= Li Dak-sum =

Hong Kong entrepreneur and philanthropist

Li Dak-sum, GBM, JP (李達三, born 9 October 1920) is a Hong Kong–based entrepreneur and philanthropist. Li received his Bachelor of Accounting degree from Fudan University in Chongqing, PRC in 1945. He is the Chairman of Sharp-Roxy (Hong Kong) Limited, Sharp-Roxy Corporation (Malaysia) SDN. BHD, and The Carlton Group of Hotels. Li also serves as the Chairman of various hotel operations in Singapore, Australia, and New Zealand. He was also an independent non-executive director of the Television Broadcasts Limited (TVB) from 1995 to 2009, a member of New Asia College's board of trustees, a member of the Court of the University of Hong Kong from 2003 to 2006 and Vice Chairman of the Tung Wah Group of Hospitals.
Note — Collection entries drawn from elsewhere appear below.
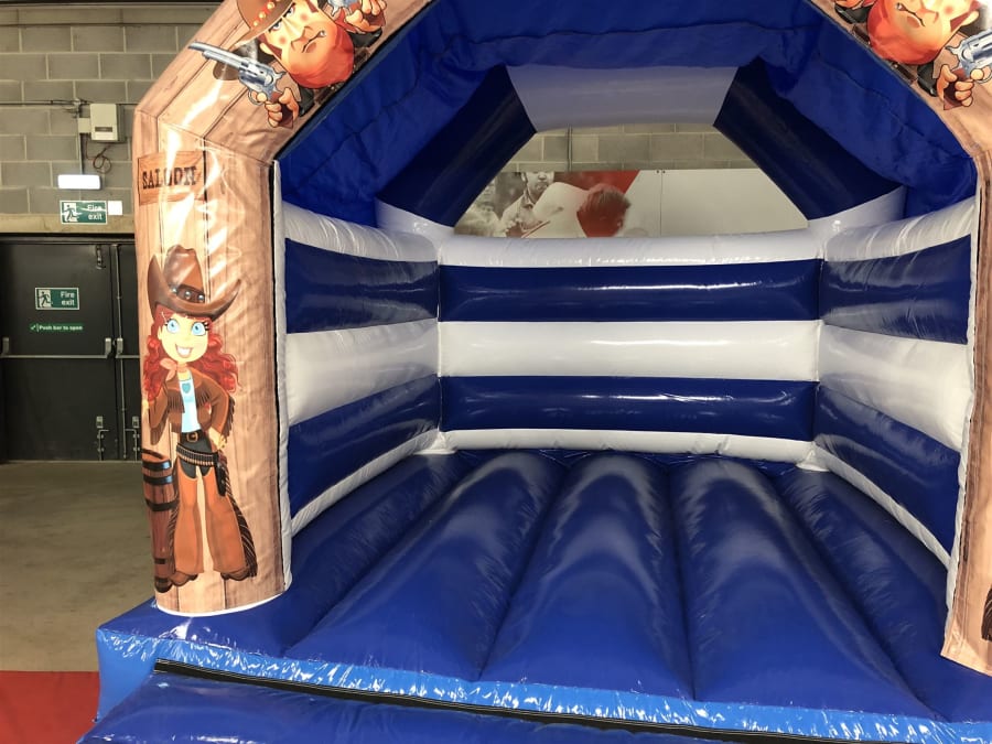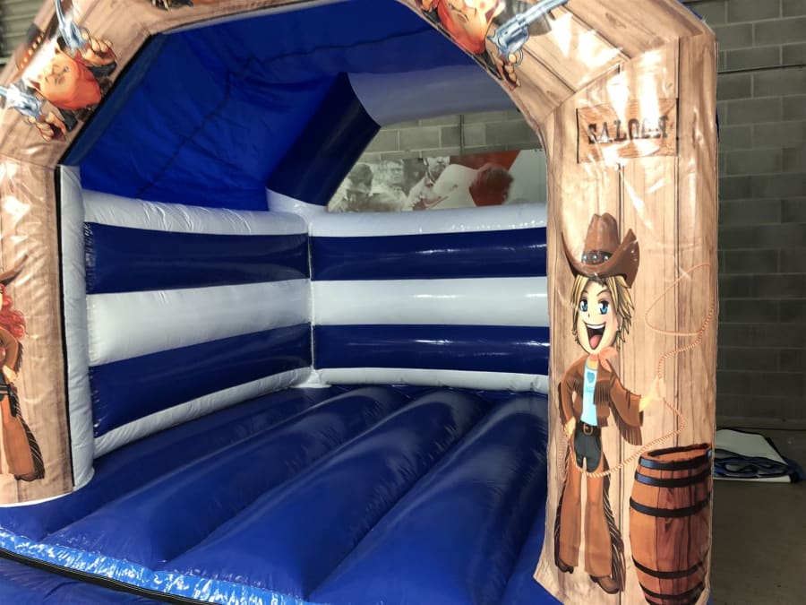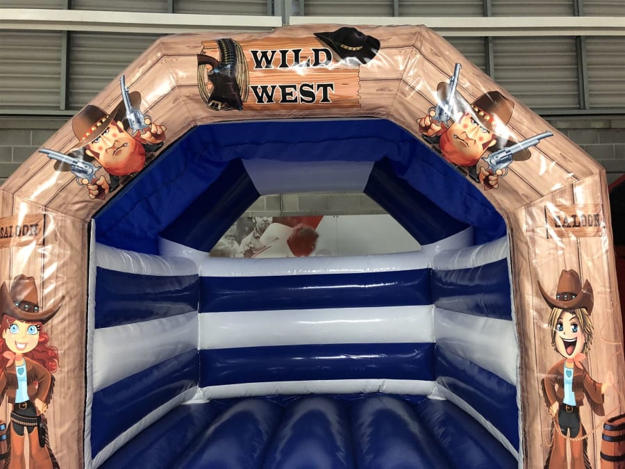 The bouncy castle has been designed, manufactured and tested right here in the UK to ensure that it's built and maintained to the UK / EU safety standard (BS EN 14960:2013). Across the top beam and side pillars of the bouncy castle is some fantastic digitally printed artwork in the Wild West saloon theme featuring generic cowgirls and cowboys with pistols and the 'Wild West' slogan at the top.
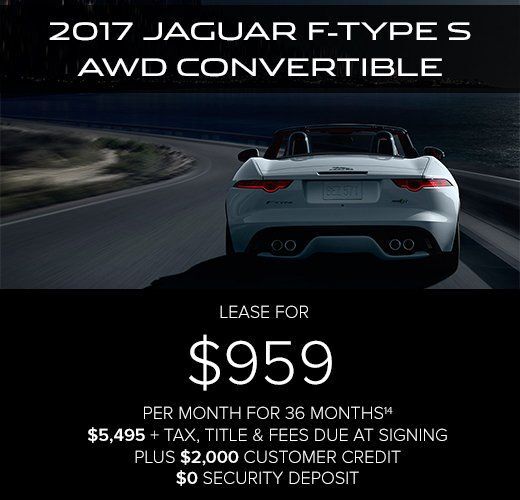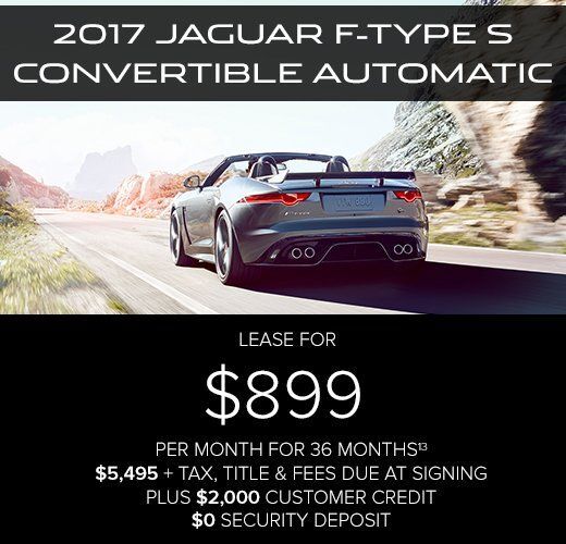 14. 2017 Jaguar F-TYPE S Convertible AWD, 36 month lease, $5,495 due at signing includes $3,741 down, $0 security deposit, $795 acquisition fee and first month's payment, excludes retailer fees, taxes, title and registration fees. Actual rates and payments of closed-end lease may vary. Supplies are limited. Eligible Jaguar Financial Group customers will receive a $2,000 customer credit toward the lease of this vehicle as part of the Jaguar Sales Event offer. Not compatible with other customer credit offers. For well qualified lessees as determined by approved lender. All amounts shown are estimates, retailer sets actual amounts. Lessee responsible for insurance, maintenance, excess wear and excess mileage over 30,000 miles at $0.30/mile. Based on MSRP of $90,695 (includes destination and delivery) with a residual value of $50,789 as of 3/1/17. Residency restrictions apply. Lessee has option to purchase vehicle at lease end at price negotiated with retailer and approved lender at signing. Termination fee may apply. For special lease terms and customer credit offer, take new vehicle delivery from retailer stock by 3/31/17. Jaguar or approved lender may rescind or amend this offer without notice. See your participating Jaguar Retailer for complete details, or call (855) JAGUAR-USA / (855) 524-8278. © 2017 Jaguar Land Rover North America, LLC.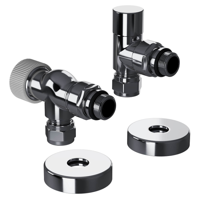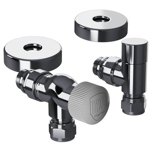 Термостатические наборы серии Design Pro поставляется в необходимой для чистового монтажа комплектации: клапан термостатический для установки на подающий трубопровод, запорный клапан для установки на обратный трубопровод, 2 гайки-фитинга для подключения клапанов к монтажной трубке 15 мм и 2 цельных латунных отражателя с внутренним резиновым уплотнением внутренним диаметром 15,2 мм.

Loyal to his Ningbo roots, Li is the Founding President of the Ningbo Residents Association (Hong Kong), which established two Ning Po Colleges in Hong Kong.

Li helped to establish Dr Li Dak Sum Research and Development Fund in Orthopaedic Surgery, and, in 2015, the Dr Li Dak-Sum Research Centre in regenerative medicine, a partnership between the University of Hong Kong and the Karolinska Institutet.

Li was appointed a Justice of the Peace in 1977.

On 1 July 2015, Li was awarded the Grand Bauhinia Medal (GBM), the highest honour of the SAR, in recognition of his contributions to the higher education by making significant donations to universities and other education institutes. As of 2019, Li still played an active role in public life, making appearances at the age of 98, and he turned 100 on 9 October 2020.